Antaeotricha orgadopa

Scientific classification
- Domain: Eukaryota
- Kingdom: Animalia
- Phylum: Arthropoda
- Class: Insecta
- Order: Lepidoptera
- Family: Depressariidae
- Genus: Antaeotricha
- Species: A. orgadopa
- Binomial name: Antaeotricha orgadopa (Meyrick, 1925)
- Synonyms: Stenoma orgadopa Meyrick, 1925;

= Antaeotricha orgadopa =

- Authority: (Meyrick, 1925)
- Synonyms: Stenoma orgadopa Meyrick, 1925

Species of moth

Antaeotricha orgadopa is a moth of the family Depressariidae. It is found in Pará, Brazil.

The wingspan is about 13 mm.
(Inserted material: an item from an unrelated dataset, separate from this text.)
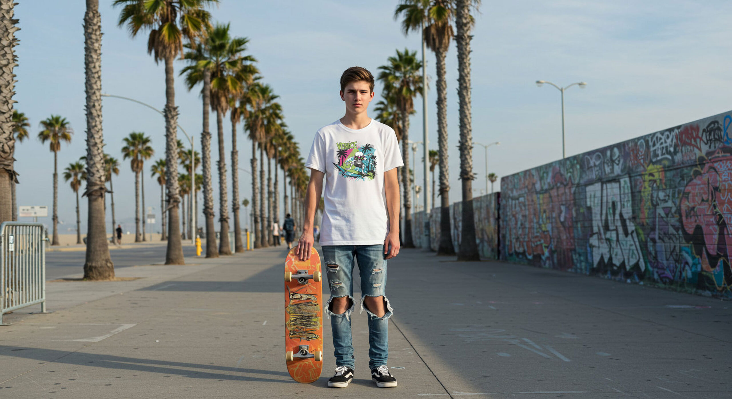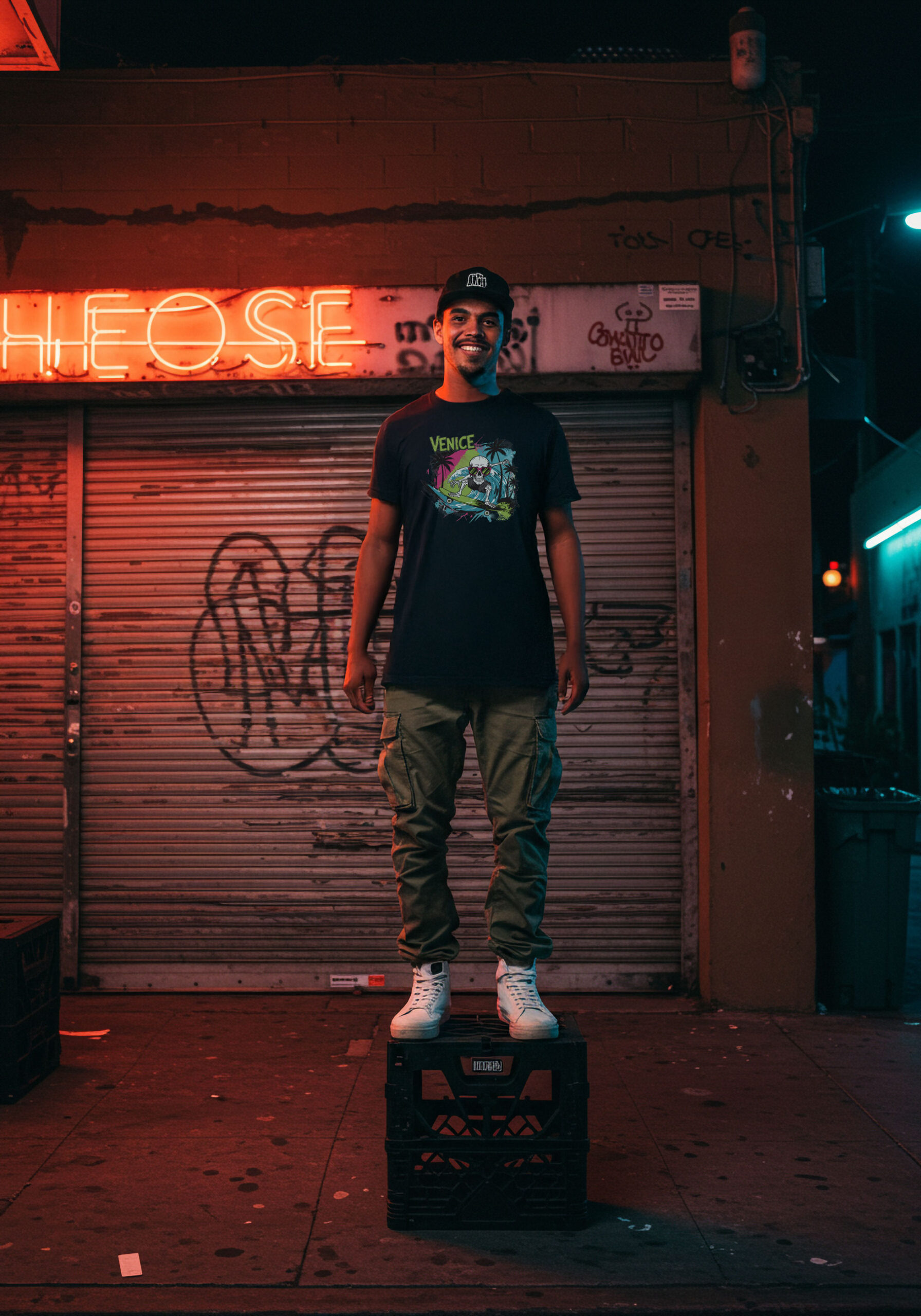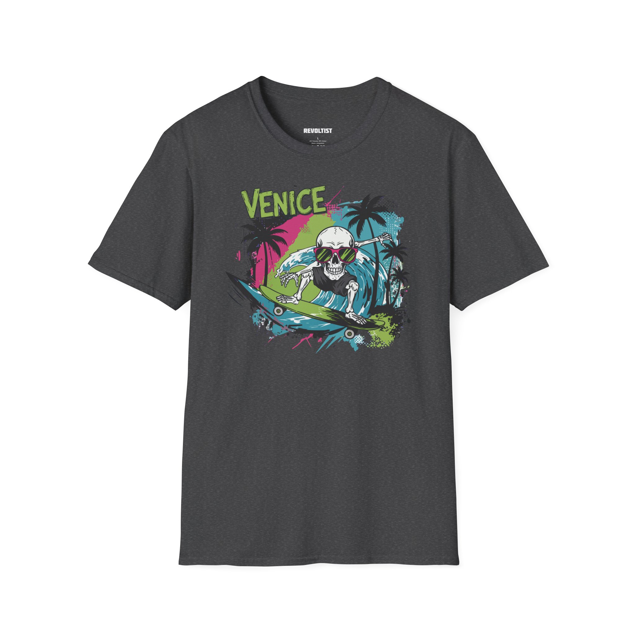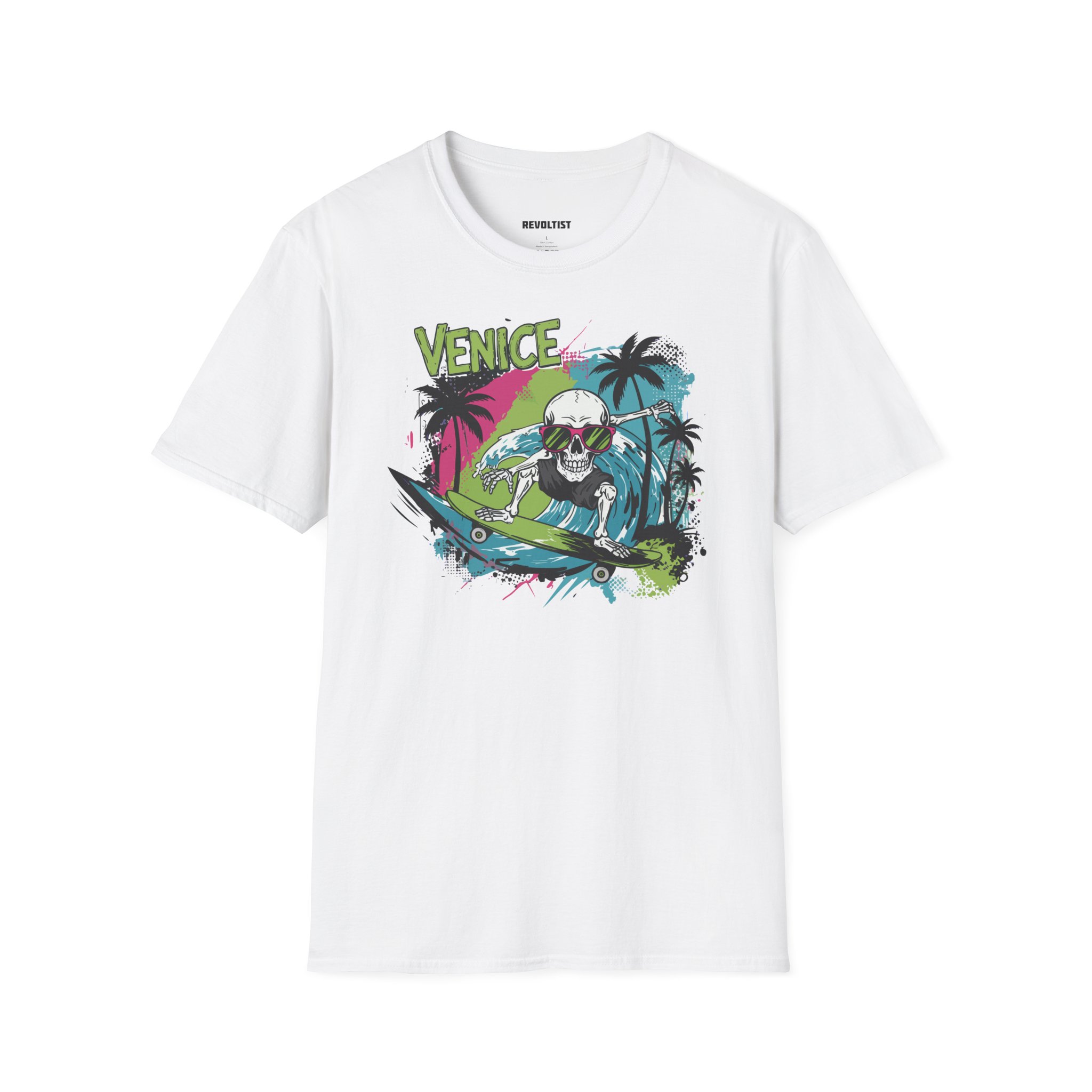 Bring a touch of vintage 80s style to your wardrobe with this Venice Beach Surf Skateboard Skeleton T-Shirt. Perfect for those who love retro fashion and beach culture. Ideal for casual wear, beach days, or skateboarding outings. Great for summer vibes and nostalgic feels.

The forewings are dark grey with the costal edge white from near the base to the cilia, with a slight thickening beyond the middle. There are three indistinct nearly straight oblique parallel blackish lines crossing the wing from the costa at about one-fourth, the middle, and three-fourths, the third shortly produced inwards on the costa, the lower end slightly recurved to the tornus. There is a marginal row of white dots around the apex and termen alternating with blackish dots. The hindwings are blackish-grey.